Oo, using ISO 3166 codes is a really great shorthand – genius! I will have to give that a try!
inject a fake null hypothesis in search cases, like “Waldo Bakery”, and then proceed to ask for business names, this is like paracetamol against hallucinations
than you just filter it out
That’s even better than my solution!
This is pretty spooky, as if I’d have written down our experience at our Fortune 100, specifically in the Marketing arena where I’m leading our GenAI initiative, it would be identical to this. Our main use-cases are creating content for products or campaigns and translation. We’re mostly leveraging 3.5, as when we started building last year, GPT-4 was so restricted in query rate limits, it was basically unusable from a development standpoint. To be fair, that was maybe because we had it before general availability.

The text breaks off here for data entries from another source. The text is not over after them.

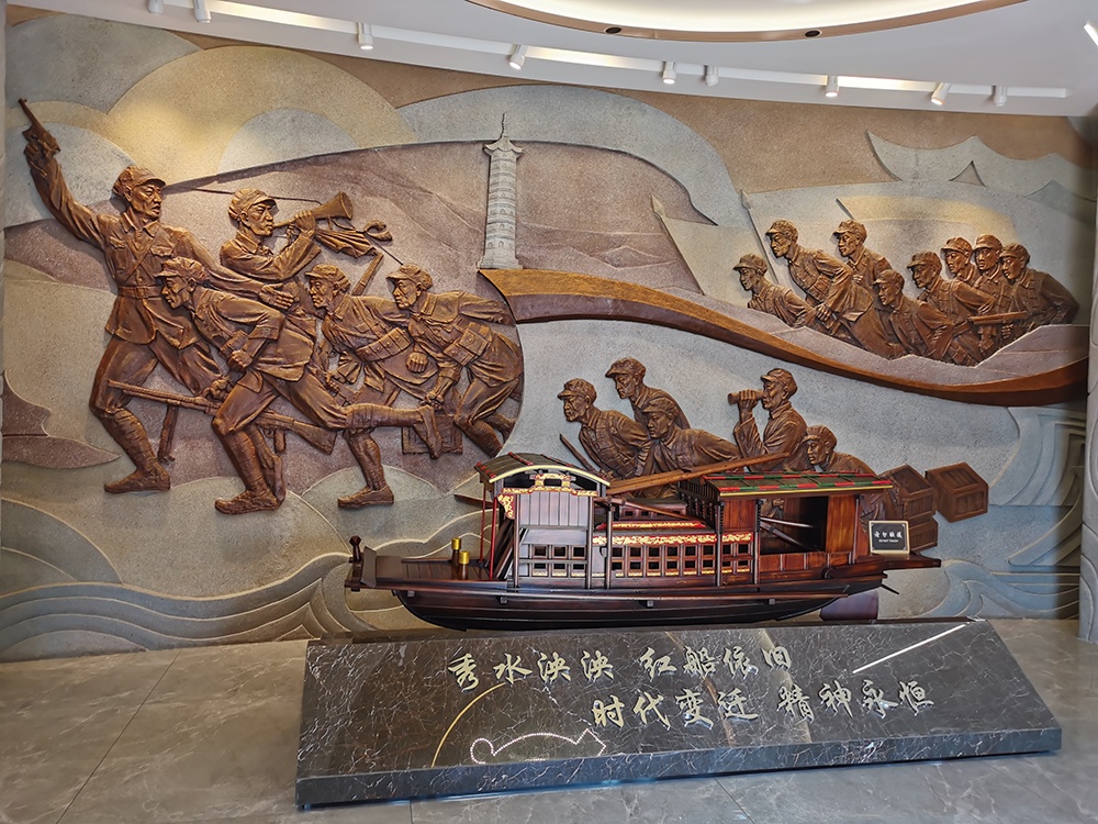 在嘉興地方黨史陳列館,首先映入眼簾的是一艘精致的紅船模型和一組浮雕作品,紅船模型前印著“秀水泱泱,紅船依舊,時(shí)代變遷,精神永恒”16個(gè)剛勁有力的大字。在黨史館里,一張張泛黃的老照片、一段段珍貴的文字,一件件老物件,向我們展現(xiàn)了一部鮮活的嘉興地方黨史,讓我們一起重溫黨的奮斗歷程。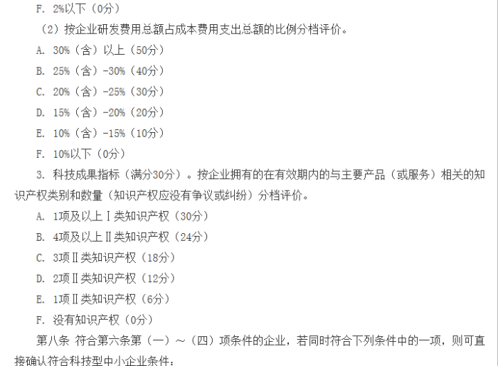 3.科技成果指標(滿分30分)。按企業(yè)擁有的在有效期內(nèi)的與主要產(chǎn)品(或服務(wù))相關(guān)的知識產(chǎn)權(quán)類別和數(shù)量(知識產(chǎn)權(quán)應(yīng)沒有爭議或糾紛)分檔評價。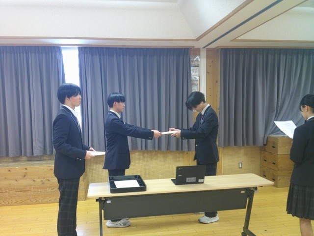 生徒総会後には新委員長の任命式があり、生徒会長から一人一人に任命書が手渡されました。

I love your comment about context windows and the 10 items. Our experience is, repeatably, that the Open AI models need to be treated as a slightly forgetful professor. Incredibly smart, but if you let them talk for too long they’ll forget what they’re doing and results will vary, often in small but important ways. Classic example: getting it to return properly formated JSON data so you can just do a JSON.parse() in Javascript. Get it to return maybe 500 tokens and all is well. Get it above some arbitrary number and it just starts forgetting to properly escape embedded quotes, even though it was doing it fine in the first part of the response.
Also, in terms of other models? I’m constantly getting people saying “But what about Claude? Or Gemini?”. My answer stands: “Have you hit a point where GPT3.5 or GPT4 from Azure Open AI Services isn’t doing what you need it to?”.
The answer is universally “No”. They just want the one that goes to 11, irrespective of whether it’s actually useful and the cost / difficulties of maintaining anything outside of the Azure ecoystem / Microsoft’s Terms and Conditions (which were super easy to get approved by Legal, because they didn’t actually change).
Regarding the null hypothesis prompt: did you try 2-step workflow where the first prompt asks “does this text have any company names in it, answer yes or no?” Followed by a second prompt to enumerate the companies if the answer to the first prompt is yes. Do you think this would work?